◆ Your instructions
Copy nothing but the lines below, from the one with "三量(sanliang)正品三量平衡仪水平尺带磁超厚铝合金水平高精度迷你小型测量尺 187-121强磁工业级300mm 无规格" through the one with "Bằng THPT –", exactly as written; no pictures should appear.

◆ The data
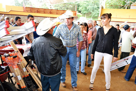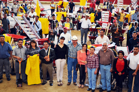 Los paquetes contienen diez carretillas para las juntas auxiliares y ocho para las comunidades, además de palas cuadradas, palas redondas, azadones, machetes, impermeables, botas, picos y una escalera, los cuales deberán utilizarse también para actividades y solicitudes de las escuelas, comités de salud y las faenas de cada comunidad.
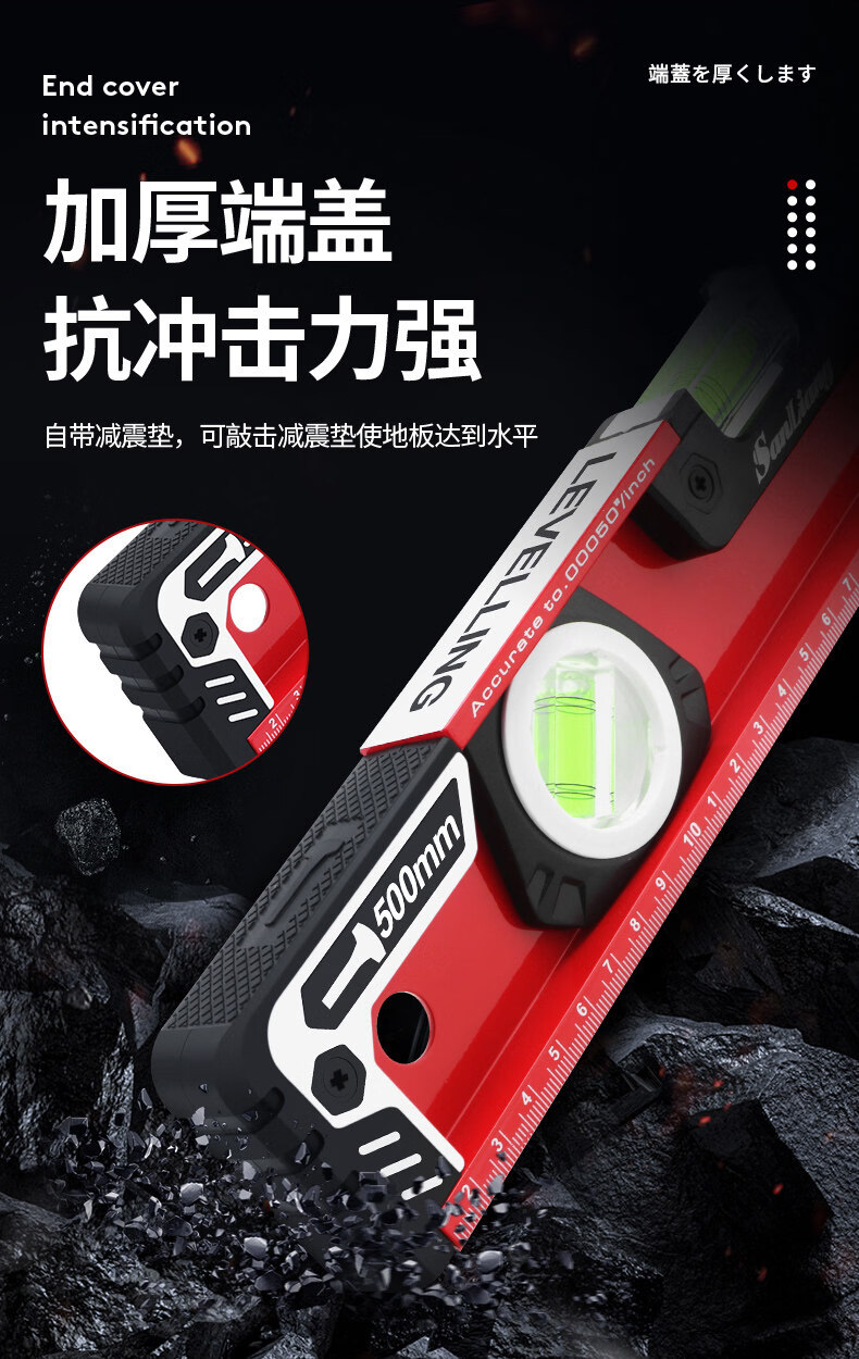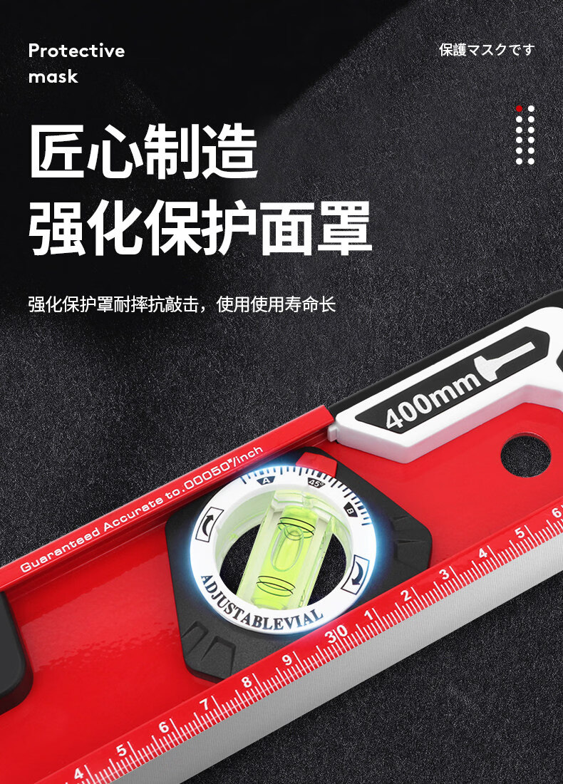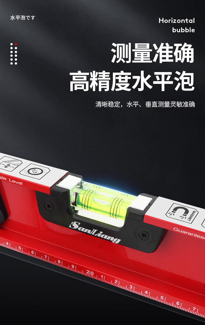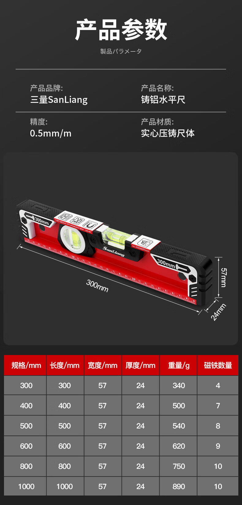 三量(sanliang)正品三量平衡仪水平尺带磁超厚铝合金水平高精度迷你小型测量尺 187-121强磁工业级300mm 无规格
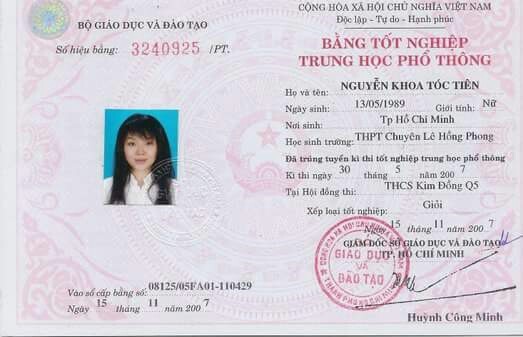 Bằng THPT – Bằng Cấp 3 được làm từ phôi thật, tem thật của các trường. Do vậy, chúng tôi đảm bảo chất lượng như bằng thật chất lượng chính xác 100%. Bao soi, bao công chứng trên toàn quốc
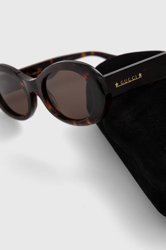Солнцезащитные очки из коллекции Gucci. Эта модель с гладкими линзами и пластиковой оправой имеет защиту UV 400. Полученный вами футляр может отличаться от изображенного на фотографии. Производитель отправляет футляры случайным образом, поэтому выбрать футляр невозможно. - Форма оправы: овальная. - Защита от ультрафиолета. - В комплект модели входят чехол и салфетка для протирки очков. - Категория 3 (пропускает 8–18% света) — самая распространённая и универсальная категория затемняющих фильтров. Очки категории 3 идеально подходят для повседневного использования в солнечные дни и для отдыха в жарких странах. - Ширина рамы: 145 мм. - Ширина линзы: 50 мм.
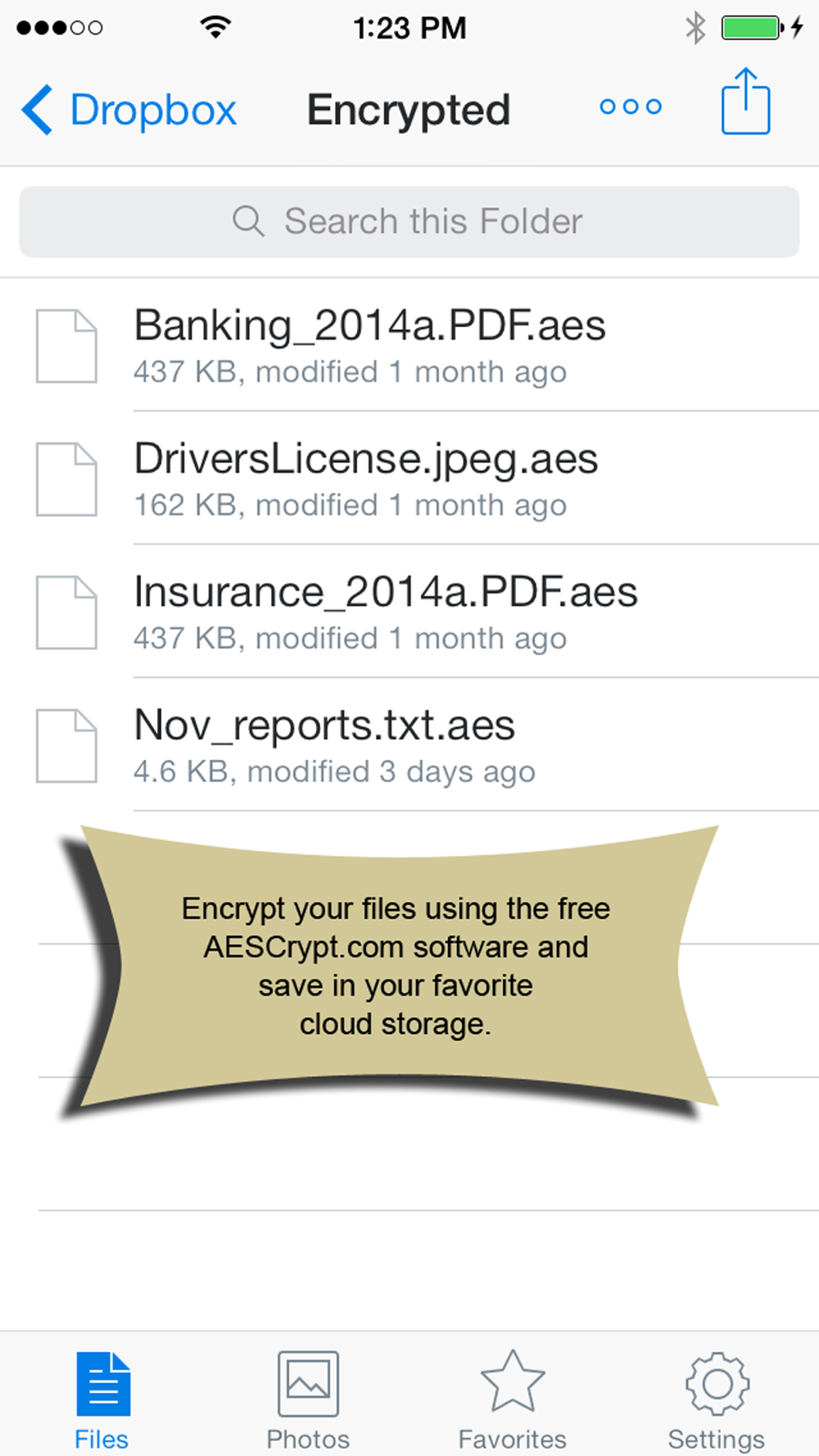 An in-app purchase/upgrade allows you to encrypt files/documents from other apps or pictures taken with the camera securely from inside AESCrypt for iOS. You can then share these encrypted files with your favorite cloud app.
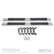 Westin R7 Boards feature oversized step pads and OE style traction grooves. R7 Boards are sold in complete kits that include: Driver and passenger-side boards vehicle specific mount kit and come with injection molded bracket covers for an extra clean look. R7 Boards are available in polished stainless steel backed by a lifetime warranty and black powder coated aluminum backed by a 3-year warranty.
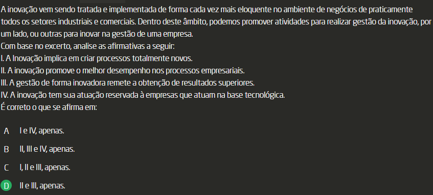 <p>A inovação vem sendo tratada e implementada de forma cada vez mais eloquente no ambiente de negócios de praticamente todos os setores industriais e comerciais. Dentro deste âmbito, podemos promover atividades para realizar gestão da inovação, por um lado, ou outras para inovar na gestão de uma empresa. Com base no excerto, analise as afirmativas a I. A Inovação implica em criar processos totalmente novos. II. A inovação promove melhor desempenho nos processos empresariais. III. A gestão de forma inovadora remete a obtenção de resultados superiores. IV. A inovação tem sua atuação reservada à empresas que atuam na base tecnológica. É correto que se afirma em: A I e IV, apenas. B II, III e IV, apenas. C I, II e III, apenas. D II e III, apenas.</p>
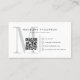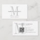 This business card design features a sleek and minimal style with a large Grey monogram in the background for a bold yet elegant touch. The front highlights the name and title in a clean, modern font, while the back includes a QR code alongside neatly arranged contact details with simple icons.
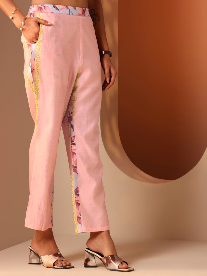 Our 3-piece pink silk blend kurta set features a straight-fit kurta with a mandarin collar, regular sleeves, and statement yoke. Complemented with straight pants with a partially elasticated waistband and 2 pockets, and a floral dupatta. Adorned with floral printed accents, this style is perfect for festive wear.
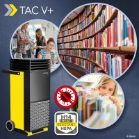 W mobilnym oczyszczaczu powietrza TAC V+ firma Trotec zaprojektowała jedyny w skali światowej oczyszczacz powietrza w pomieszczeniu z technologią oczyszczania powietrza HEPA. TAC V+ tak skutecznie przetacza i oczyszcza powietrze w zamkniętych pomieszczeniach, jak to ma miejsce tylko w otoczeniu sterylnym i salach operacyjnych w szpitalach. Jest to możliwe dzięki bardzo dużej wydajności przepływu powietrza oczyszczacza wysokiej częstotliwości oraz nowoczesnemu wysoce wydajnemu filtrowi HEPA o skuteczności filtrowania 99,995%. Tylko tak można trwale utrzymać określony obszar bez wirusów i zarazków. Nawet w bardzo dużych bibliotekach z wysokimi sufitami poprzez połączone zastosowanie kilku urządzeń da się trwale zmniejszyć niemal do zera ilość aerozoli.
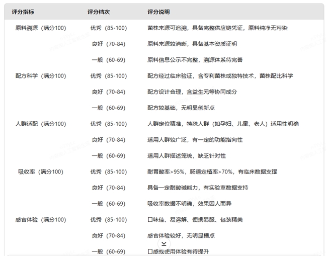三、益生菌评分标准
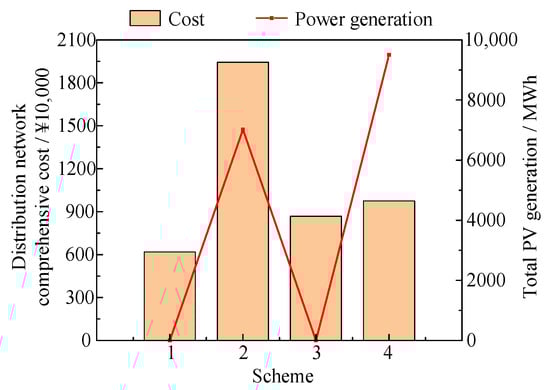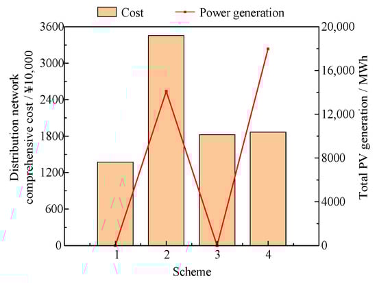 The comparison of the distribution network comprehensive cost, total PV installed capacity, and total PV generation before and after considering the source load correlation scenarios is shown in Table 18. After considering the source load temporal–spatial correlation scenarios, all schemes show a slight improvement compared to the schemes that do not consider these correlations. The typical daily scenarios generated using the source load temporal–spatial correlation probabilistic model based on Copula theory significantly mitigate the impact of source load uncertainty on the distribution network, enhance the network’s capacity for PV grid integration and absorption, and ultimately reduce the distribution network comprehensive cost, achieving an improvement in economic benefits.
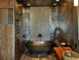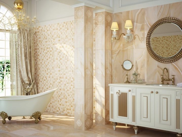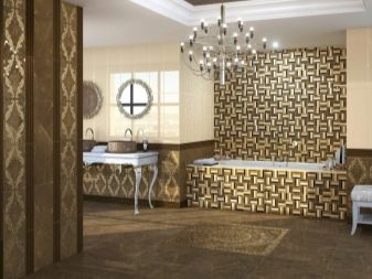 Solche Verblendmaterialien sind die ideale Wahl für diejenigen, die die üblichen und alltäglichen Interieurs satt haben. Mit diesem Design erhält das Badezimmer automatisch eine völlig andere und lebendigere Erscheinung. Dank der richtig gewählten Mosaikfliese können Sie das Dekor dekorieren, indem Sie Stil und Image radikal verändern.

◆ Answer for the task
 三量(sanliang)正品三量平衡仪水平尺带磁超厚铝合金水平高精度迷你小型测量尺 187-121强磁工业级300mm 无规格
 Bằng THPT – Bằng Cấp 3 được làm từ phôi thật, tem thật của các trường. Do vậy, chúng tôi đảm bảo chất lượng như bằng thật chất lượng chính xác 100%. Bao soi, bao công chứng trên toàn quốc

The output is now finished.